▶ _Exercise instructions_
Print verbatim the lines from the beginning of the entries through the line containing "Gothic Skulls Smoking", both ends included. Pictures should be left out.

▶ _Data listing_
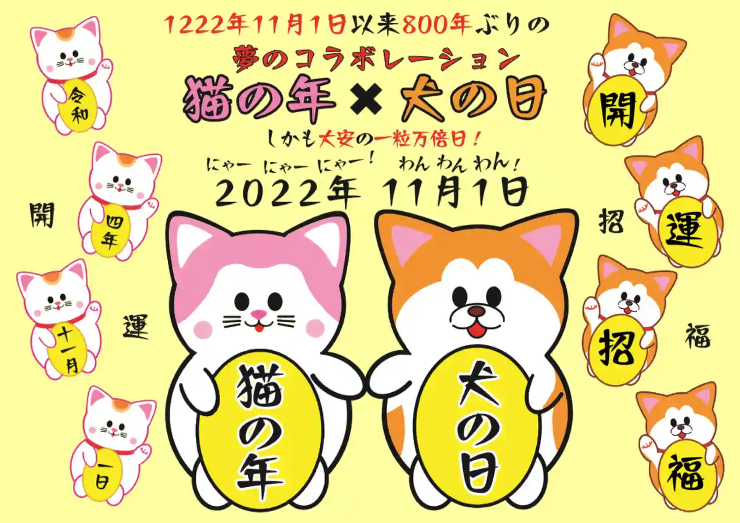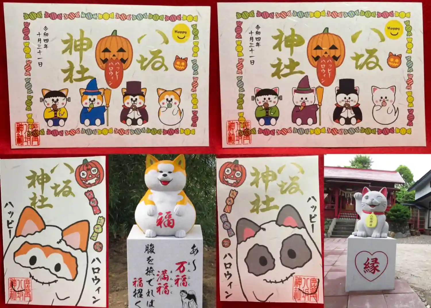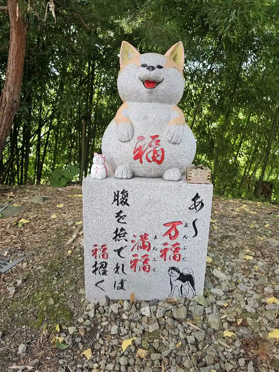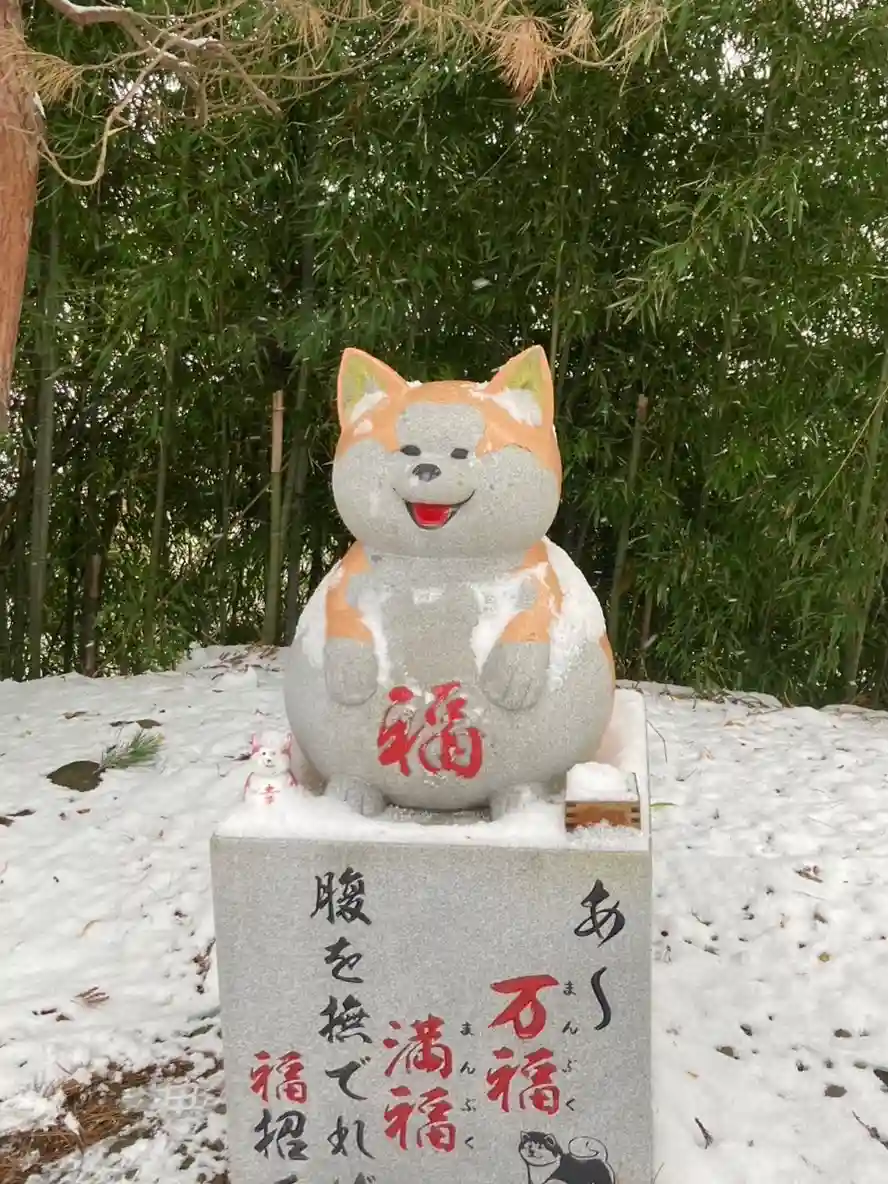 当社の石像《化け猫様》と《秋田犬のぷく丸》が描…
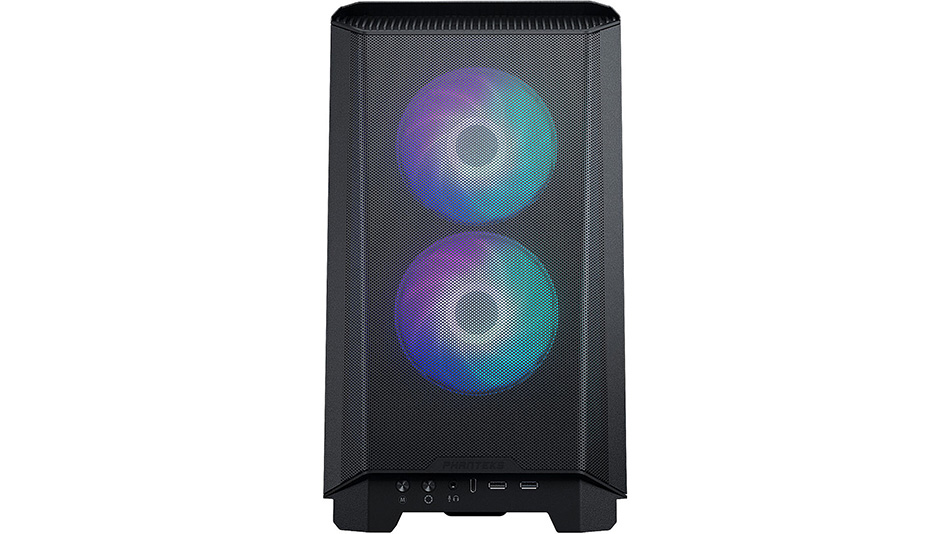 Le boîtier Mini-ITX Eclipse P200A se distingue par sa conception qui ressemble davantage à celle d’un boîtier MicroATX. Sa grille avant en acier favorise la circulation de l’air tout en filtrant partiellement la poussière. Le panneau de droite, également en acier, dispose d’une ouverture pour l’entrée d’air tandis que le panneau latéral gauche est en verre trempé. Ceux-ci sont fixés par des clips à des billes métalliques, un mécanisme robuste et facile à manipuler lors du retrait des panneaux. Le panneau d’E/S avant présente le bouton d’alimentation et une prise casque, deux ports USB 3.0 Type-A, un port USB Type-C et deux boutons de contrôle pour les LED RVB.
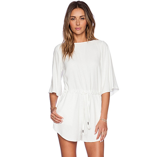 shows women's beautiful and fair skin. Solid color style,waist part with drawstring
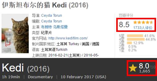 而我们猫奴也十分埋单,豆瓣评分妥妥的升至8.5的高分,IMDB也获得了8.0的好评…
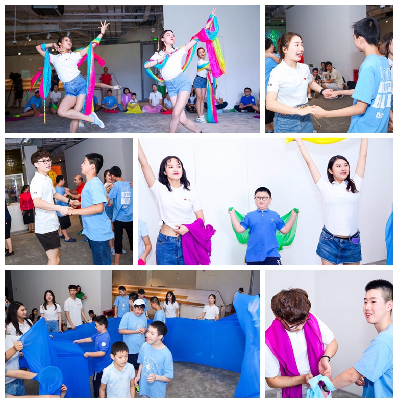 7月23日上午,中国第一高楼上海中心大厦举办的丝路敦煌文化艺术展迎来了一批特殊观众,几十名来自上海市彩虹雨儿童智能训练中心的自闭症儿童在休艺公司“星希望”自闭症儿童舞蹈治疗暑期社会实践志愿者们的陪同下,共同参与“幸福生存-丝路敦煌公益融合夏令营”,感受丝绸之路敦煌文化的魅力。
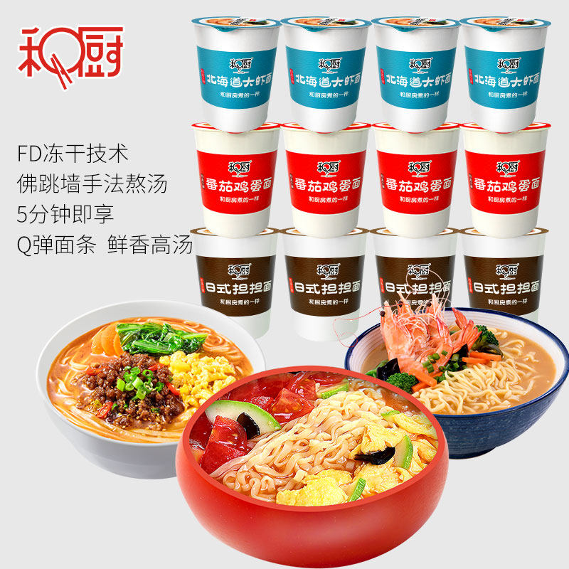 With cook seafood tomato egg noodle Japanese bearing nonfried nonfried noodle bubble bucket 12 cups
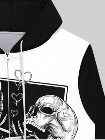 Gothic Skulls Smoking Print Pockets Zip Up Fleece Lining Hoodie For Men - White - 5xl
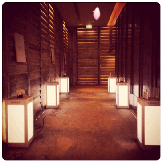 經過長長嘅通道,漆黑中只見一個又一個橙柱,擺放了CLINIQUE 2014年春天的新產品,沿途充滿了一種清新的芳香,最後到達了 CLINIQUE 春日發佈會。
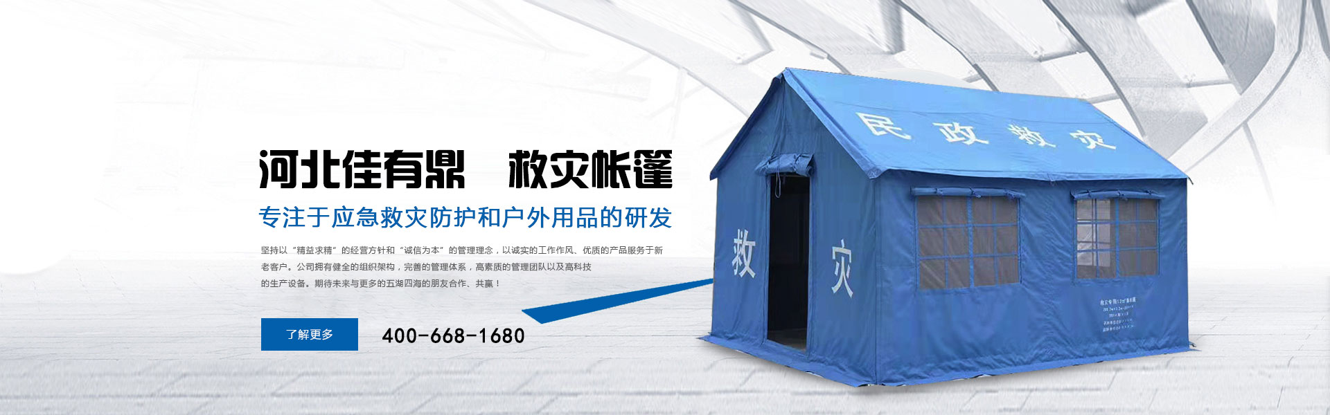 河北佳有鼎科技有限公司原為北京五環(huán)精誠(chéng)帳篷有限責(zé)任公司多年來(lái)專(zhuān)注于應(yīng)急救災(zāi)防護(hù)和戶(hù)外用品的研發(fā),是一家集研發(fā)、設(shè)計(jì)、生產(chǎn)、銷(xiāo)售、服務(wù)于一體的綜合型公司。
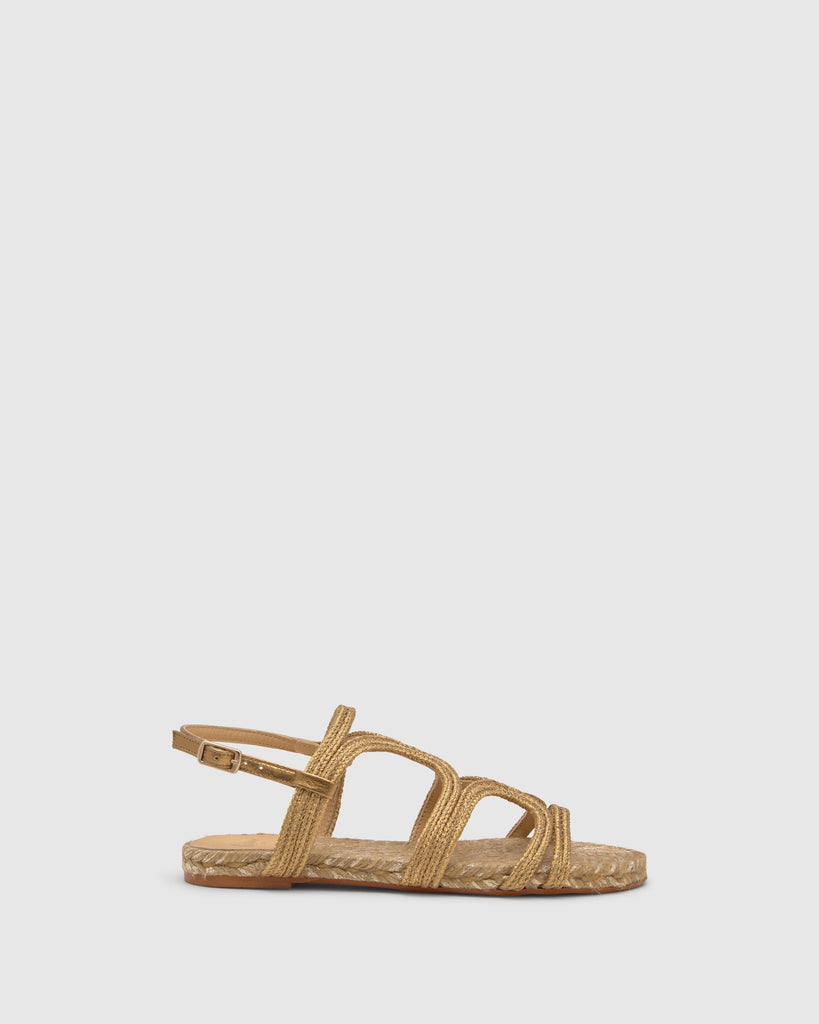 Pitra flat sandal with handmade metallic braiding, buckle closure and jute insole with leather sole.
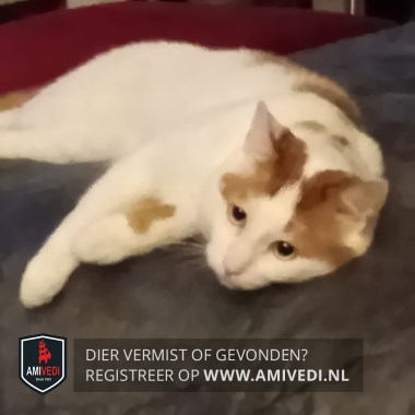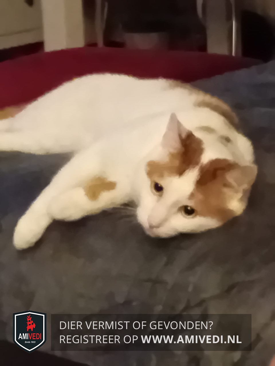 | Signalement | Witte keter met rode vlekken bij de oren, witte oorrandjes, rood vlekje op de linker voorpoot, rode vlekken op de rug, cypersrode staart. |
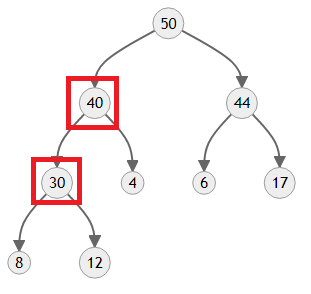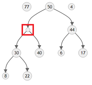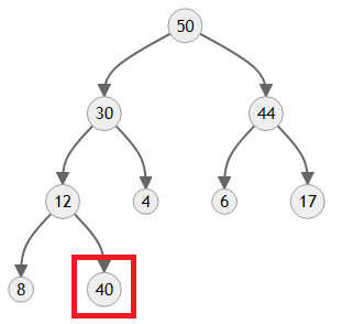 마찬가지로 30과 40 중 더 큰 자식인 40에게 자리를 양보합니다. 이러면 4에게는 더 이상 자식이 없고, 힙도 정상적인 모양으로 돌아오게 됩니다.
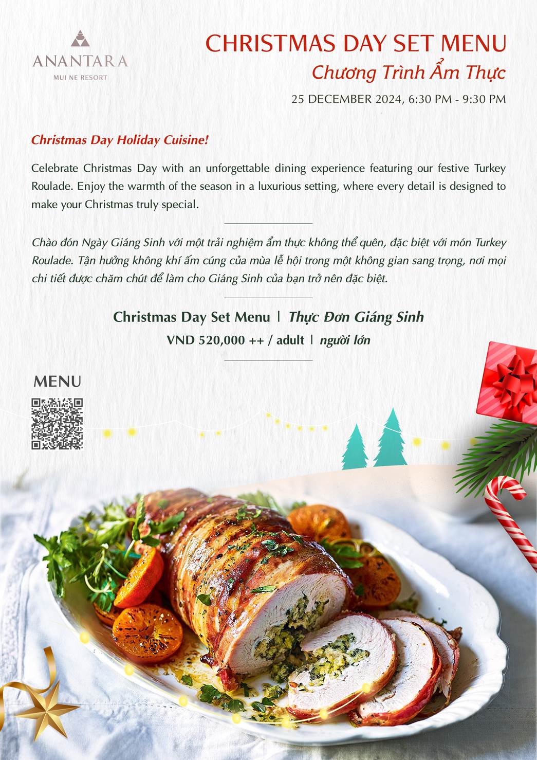 | Price: | VND 2,400,000 per guest (includes festive welcome drink) |
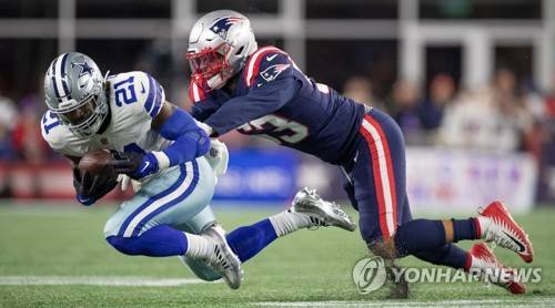 epa09529423 Dallas Cowboys running back Ezekiel Elliott (L) is knocked down by New England Patriots middle linebacker Kyle Van Noy (R) during fourth quarter of the NFL American Football game between the Dallas Cowboys and New England Patriots at Gillette Stadium in Foxborough, Massachusetts, USA, 17 October 2021. EPA/CJ GUNTHER
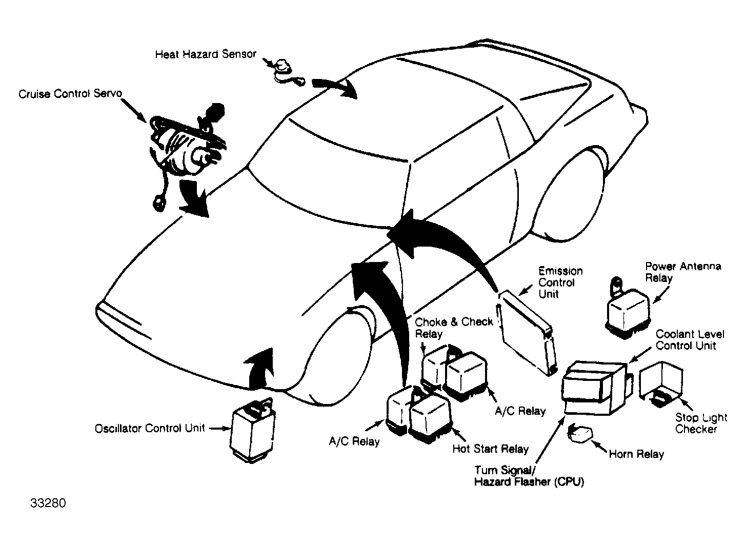 | Emission Control Unit | Below left side of instrument panel. See Figure . |
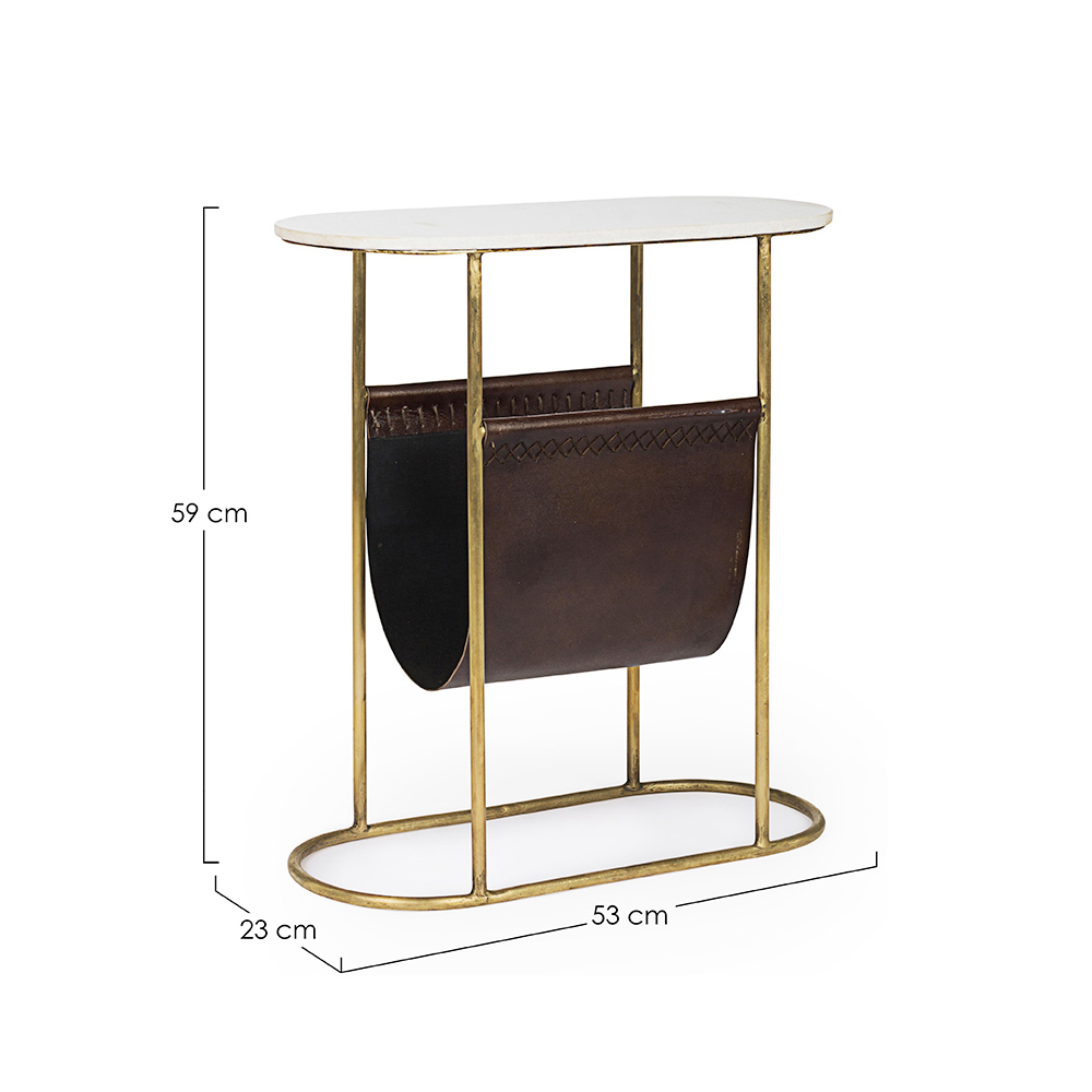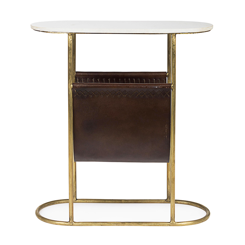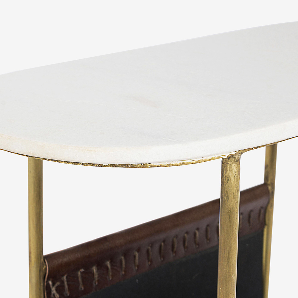 Table basse en acier laitonné et plateau en marbre avec porte-revues en cuir.

▶ _Response to the exercise_
 当社の石像《化け猫様》と《秋田犬のぷく丸》が描…
 Le boîtier Mini-ITX Eclipse P200A se distingue par sa conception qui ressemble davantage à celle d’un boîtier MicroATX. Sa grille avant en acier favorise la circulation de l’air tout en filtrant partiellement la poussière. Le panneau de droite, également en acier, dispose d’une ouverture pour l’entrée d’air tandis que le panneau latéral gauche est en verre trempé. Ceux-ci sont fixés par des clips à des billes métalliques, un mécanisme robuste et facile à manipuler lors du retrait des panneaux. Le panneau d’E/S avant présente le bouton d’alimentation et une prise casque, deux ports USB 3.0 Type-A, un port USB Type-C et deux boutons de contrôle pour les LED RVB.
 shows women's beautiful and fair skin. Solid color style,waist part with drawstring
 而我们猫奴也十分埋单,豆瓣评分妥妥的升至8.5的高分,IMDB也获得了8.0的好评…
 7月23日上午,中国第一高楼上海中心大厦举办的丝路敦煌文化艺术展迎来了一批特殊观众,几十名来自上海市彩虹雨儿童智能训练中心的自闭症儿童在休艺公司“星希望”自闭症儿童舞蹈治疗暑期社会实践志愿者们的陪同下,共同参与“幸福生存-丝路敦煌公益融合夏令营”,感受丝绸之路敦煌文化的魅力。
 With cook seafood tomato egg noodle Japanese bearing nonfried nonfried noodle bubble bucket 12 cups
 Gothic Skulls Smoking Print Pockets Zip Up Fleece Lining Hoodie For Men - White - 5xl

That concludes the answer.